LuxS/AI-2 quorum sensing (QS) system involves the production of cell signaling molecules via luxS-based autoinducer-2 (AI-2). LuxS has been reported to plays critical roles in regulating various behaviors of bacteria. AI-2 is a byproduct of the catabolism of S-adenosylhomocysteine (SAH) performed by the LuxS and Pfs enzymes. In our previous study, the function of LuxS in AI-2 production was verified in Streptococcus suis (SS). Decreased levels of SS biofilm formation and host-cell adherence as well as an inability to produce AI-2 were observed in bacteria having a luxS mutant gene. In this study, the level of AI-2 activity exhibits a growth-phase dependence with a maximum in late exponential culture in SS. An SS strain that overexpressed luxS was constructed to comprehensively understand the function of AI-2. Overexpressed luxS was not able to increase the level of pfs expression and produce additional AI-2, and the bacteria were slower growing and produced only slightly more biofilm than the wild type. Thus, AI-2 production is not correlated with luxS transcription. luxS expression is constitutive, but the transcription of pfs is perhaps correlated with AI-2 production in SS.

1. Introduction

Quorum sensing is a chemical communication system among bacteria [1], which has been confirmed to be involved in a wide variety of biological processes, such as bioluminescence, biofilm formation, adherence, and virulence [2]. Several types of QS systems have been described in various species of bacteria. This LuxS/AI-2 QS system involves the production of cell signaling molecules via luxS-based autoinducer-2 (AI-2). AI-2 synthesis is linked to the metabolism of S-adenosylmethionine.

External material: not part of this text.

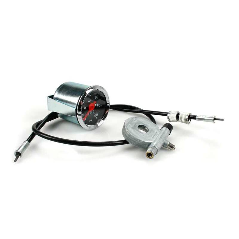 Tacho-Set *MMB* (Typ VDO) Ø 48mm bis 60 km/h (Zifferblatt: schwarz / Ring: chrom) inkl. Saite- & Antrieb zu Puch
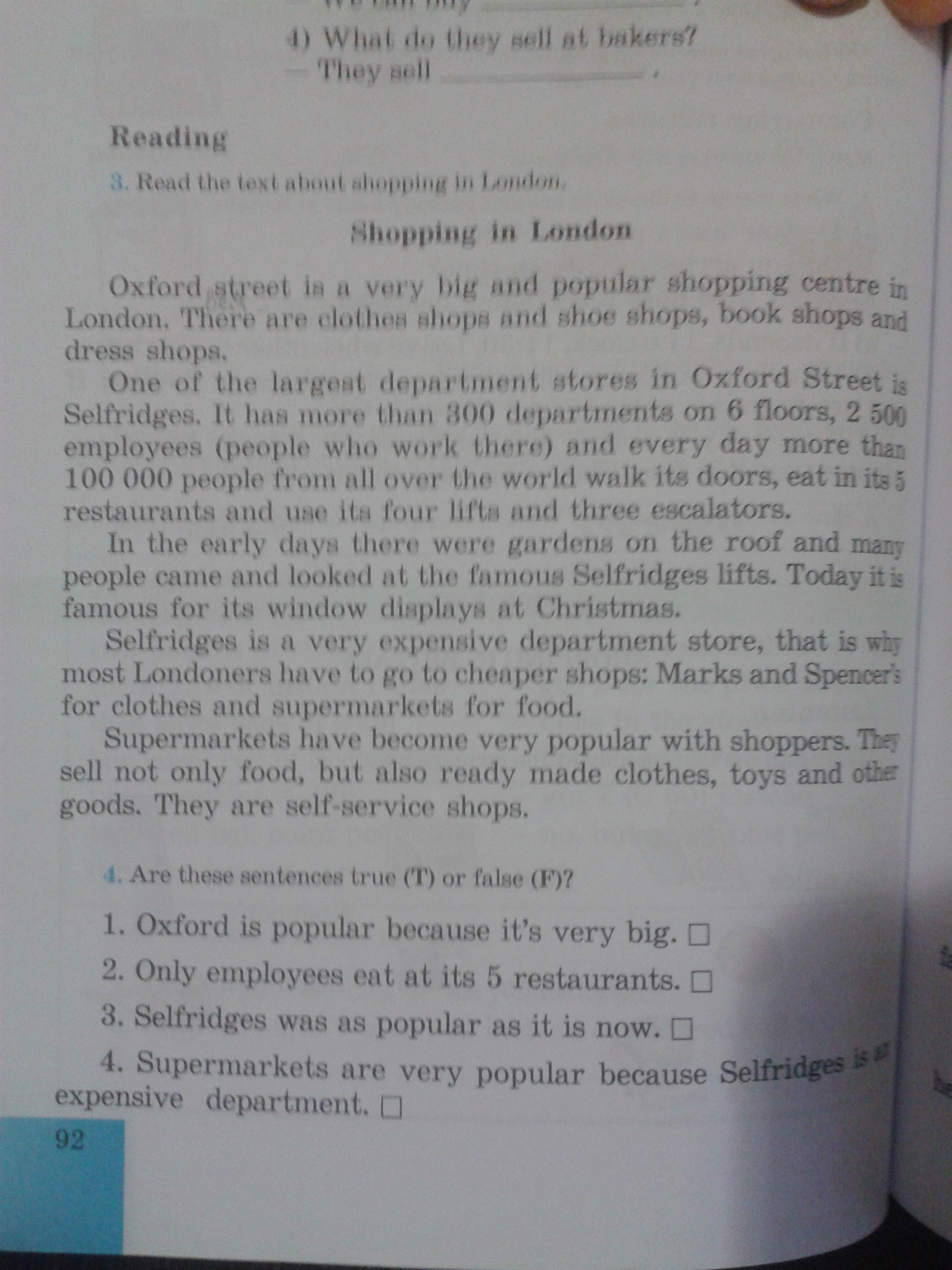Шелфридж это очень дорогой магазин, поэтому многие жители Лондона ходят в дешёвые магазины, такие как Марк и Спэнсер:одежда и в супермаркеты. Супермаркеты так же популярны как и магазины с одеждой. В них продается не только одежда, но и некоторые вещи и игрушки и много другое. Но в них самообслуживание.

Methylation reactions frequently use S-adenosylmethionine as the methyl donor to generate S-adenosylhomocysteine (SAH) [3]. SAH is hydrolyzed to adenine and 4,5-dihydroxy-2,3-pentanedione (DPD) by the nucleosidase Pfs and the LuxS enzyme [4]. Upon formation, DPD spontaneously cyclizes to form at least two different interspecies communication molecules described as AI-2 [5]. A broad range of gram-positive and gram-negative bacteria have been suggested to harbor luxS orthologs, most of which can produce AI-2 [3, 6]. AI-2 has been shown to be involved in biofilm formation and gene expression in many bacterial species.

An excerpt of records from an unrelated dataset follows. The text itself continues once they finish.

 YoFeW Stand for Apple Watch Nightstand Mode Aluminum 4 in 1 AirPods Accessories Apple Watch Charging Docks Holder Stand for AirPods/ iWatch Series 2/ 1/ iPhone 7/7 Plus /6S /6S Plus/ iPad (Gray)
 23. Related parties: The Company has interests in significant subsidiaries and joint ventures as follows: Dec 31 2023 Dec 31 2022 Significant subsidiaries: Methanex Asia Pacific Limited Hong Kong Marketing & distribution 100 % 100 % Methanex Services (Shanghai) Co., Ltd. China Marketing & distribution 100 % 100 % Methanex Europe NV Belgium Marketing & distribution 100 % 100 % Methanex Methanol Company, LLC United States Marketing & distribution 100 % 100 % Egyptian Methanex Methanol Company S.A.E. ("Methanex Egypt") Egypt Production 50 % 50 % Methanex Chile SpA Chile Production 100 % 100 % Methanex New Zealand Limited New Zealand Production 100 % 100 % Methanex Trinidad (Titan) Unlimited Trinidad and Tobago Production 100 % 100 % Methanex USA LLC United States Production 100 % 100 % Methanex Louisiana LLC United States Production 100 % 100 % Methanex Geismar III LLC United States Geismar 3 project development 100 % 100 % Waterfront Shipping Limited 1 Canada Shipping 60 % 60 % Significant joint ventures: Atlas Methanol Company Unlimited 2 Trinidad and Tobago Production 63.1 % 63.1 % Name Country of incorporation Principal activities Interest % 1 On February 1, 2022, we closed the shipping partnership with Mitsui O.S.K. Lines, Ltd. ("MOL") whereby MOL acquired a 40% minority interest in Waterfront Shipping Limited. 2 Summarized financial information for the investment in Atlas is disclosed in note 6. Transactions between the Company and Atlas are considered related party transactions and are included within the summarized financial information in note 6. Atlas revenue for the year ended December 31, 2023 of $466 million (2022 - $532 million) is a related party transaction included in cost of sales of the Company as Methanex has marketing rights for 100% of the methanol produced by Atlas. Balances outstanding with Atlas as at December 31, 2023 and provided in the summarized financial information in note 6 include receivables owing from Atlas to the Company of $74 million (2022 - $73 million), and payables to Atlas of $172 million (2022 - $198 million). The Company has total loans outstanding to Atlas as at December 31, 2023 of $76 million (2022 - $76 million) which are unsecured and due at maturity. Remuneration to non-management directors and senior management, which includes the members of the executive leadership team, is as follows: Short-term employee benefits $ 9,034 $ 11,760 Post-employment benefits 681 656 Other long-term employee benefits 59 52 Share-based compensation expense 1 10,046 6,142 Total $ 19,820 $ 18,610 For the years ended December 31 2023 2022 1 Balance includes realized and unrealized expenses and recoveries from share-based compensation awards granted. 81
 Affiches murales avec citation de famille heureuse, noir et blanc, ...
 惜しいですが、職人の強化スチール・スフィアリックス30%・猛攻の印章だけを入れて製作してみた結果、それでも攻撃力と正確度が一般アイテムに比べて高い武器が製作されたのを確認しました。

Streptococcus suis (SS) is a zoonotic pathogen associated with a wide range of diseases in pigs, including meningitis, septicaemia, pneumonia, endocarditis, and arthritis. It is also a problematic zoonotic agent for humans exposed to diseased pigs or their products because it causes life threatening diseases [7]. In a previous study, we found that the luxS gene of SS functions in AI-2 production, and mutant SS having a luxS deletion showed decreased biofilm formation, less adherence, and reduced virulence [8, 9].

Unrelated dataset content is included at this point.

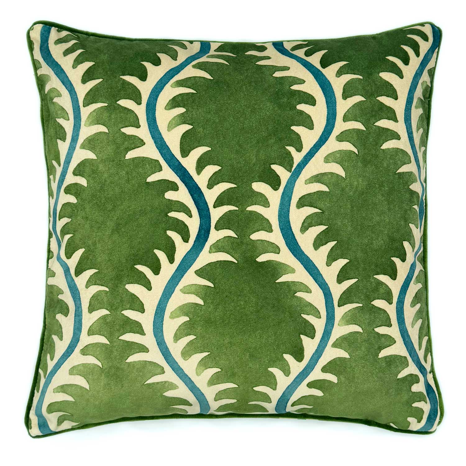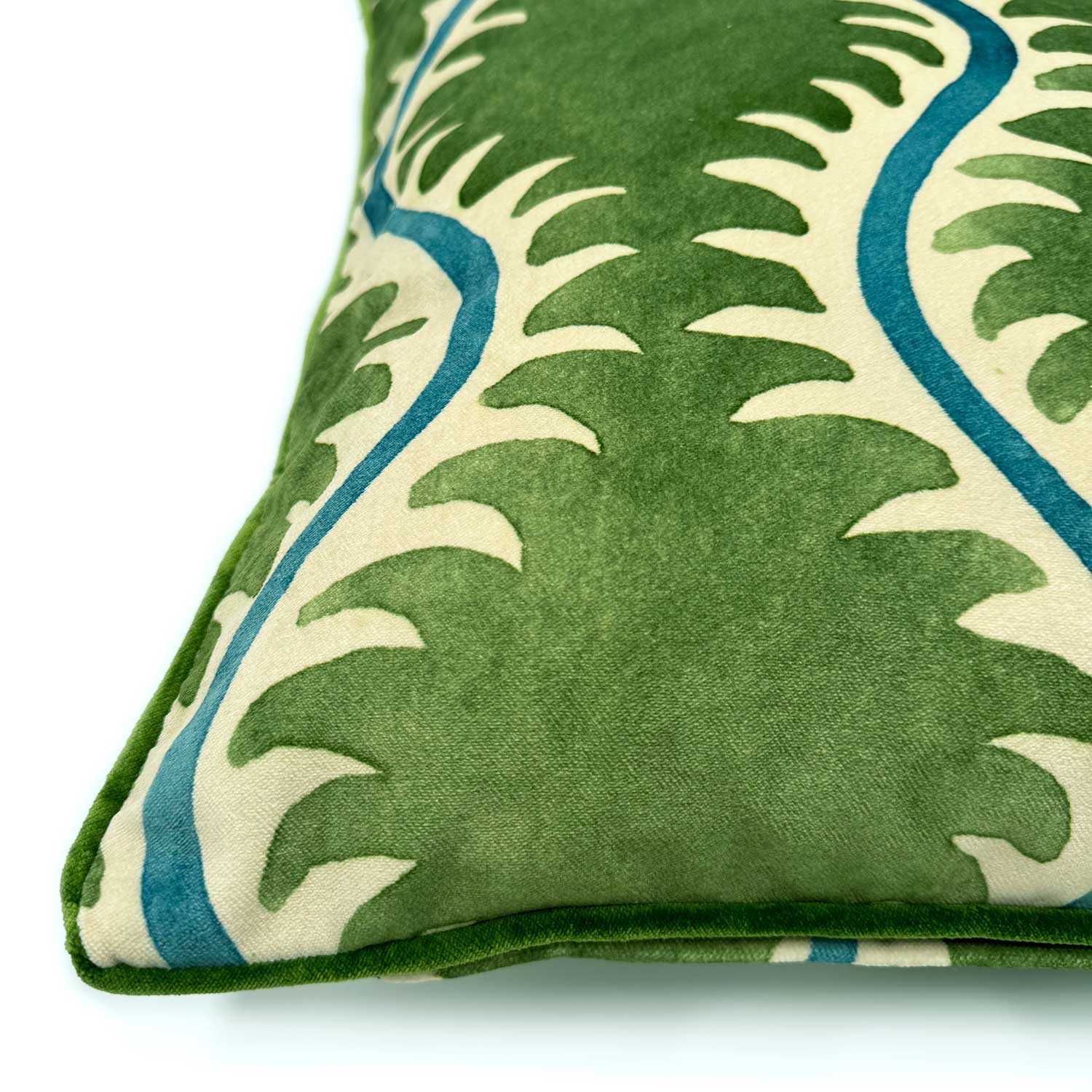 A green, blue and off white velvet cushion with a all-over repeat pattern and velvet piping

The purpose of this study was to determine the regulation of AI-2 production and whether AI-2 production was regulated at the expression level of luxS gene whose product is directly involved in AI-2 generation, especially in the overexpression luxS SS strain. The results demonstrated that the level of AI-2 activity exhibits a growth-phase dependence, with a maximum in the late exponential culture in SS. Overexpressed luxS was not able to increase the level of pfs expression and produce additional AI-2, and therefore there was slower growth and a slight increase in biofilm formation compared to wild type.

2. Materials and Methods

2.1. Bacterial Strains, Culture Conditions, and Plasmids

Bacterial strains, plasmids, and growth conditions used are listed in Table 1. The HA9801 strain was isolated from SS2 infected pigs in the Jiangsu Province in 1998 and was confirmed as a virulent strain [10]. The luxS mutant of HA9801 (ΔluxS) and the complementation strain (CΔluxS) were constructed in a previous study [8]. SS2 strains were grown in Todd-Hewitt broth (THB) (Difco Laboratories, Detroit, MI) medium or plated on THB agar with 5% (vol/vol) sheep blood. THB medium supplemented with 1% fibrinogen was used in the biofilm assay. When necessary, 100 μg/mL of spectinomycin (Spc) (Sigma) or 4 μg/mL of chloromycetin (Cm) (Sigma) were used for SS transformants, and 50 μg/mL of ampicillin (Amp) (Sigma) was applied to screen the E. coli transformants. For overexpression plasmid construction, the structural gene of the luxS gene, including its own promoter, was amplified from chromosomal DNA of HA9801 by PCR using the primers Cup and Cdown (Table 1). The PCR product was cut with EcoR I/BamH I and ligated into the EcoR I/BamH I digested E. coli/Streptococcus shuttle vector pSET2 to generate the recombinant plasmid pSET2-C. Then, the recombinant plasmid and original pSET2 were separately electrotransformed into the parent strain competent cells. Transformed cells were selected with spectinomycin in THB medium. The transformants of SS containing the recombinant plasmid were designated as the overexpression strain of HA9801 (luxS+).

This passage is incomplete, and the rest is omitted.